While home prices and sales, as well as household wealth, are all up from a year ago, constrained access to mortgage credit for minorities, young buyers, and low-and moderate-income earners remains a serious problem.
Restrictive pricing policies at the Federal Housing Administration and the Federal Housing Finance Agency continue to disparately impact individuals with shorter credit histories and lower down payments, making it harder for them to buy a home.
NAR estimates that in 2013, nearly 400,000 creditworthy borrowers were priced out of the housing market because of high FHA insurance premiums. By lowering its fees, FHA could provide greater access to homeownership for historically underserved groups.
Even traditionally affordable properties like condominiums are out of reach for many home buyers because of purchasing restrictions imposed by FHA and the Government-Sponsored Enterprises. NAR supports developing policies that will provide potential buyers with access to more flexible and affordable financing opportunities and a wider choice of approved condo developments.

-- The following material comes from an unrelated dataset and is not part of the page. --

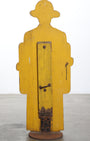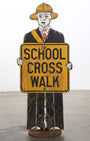 Capture the charm of small-town Americana with this vintage wooden crossing guard sign, likely from the 1940s. Its hand-painted figure, donning a firefighter-style hat and holding a “School Cross Walk” sign, harks back to a time when safety and simplicity went hand-in-hand.

“Most urgently, Congress should take action to help all of the distressed homeowners who completed short sales in 2014 by passing the Mortgage Forgiveness Tax Relief Act. This bipartisan legislation will extend an expired provision that has helped millions of distressed American families by allowing tax relief for homeowners when lenders forgive some portion of the mortgage debt they owe,” said Guzman. “If this provision is not extended, hundreds of thousands of American families who did the right thing by short selling their home will have to pay income tax on ‘phantom income.’”
She said NAR will continue to work with Congress and the administration to enact key policy reforms that will have a positive impact on the housing market.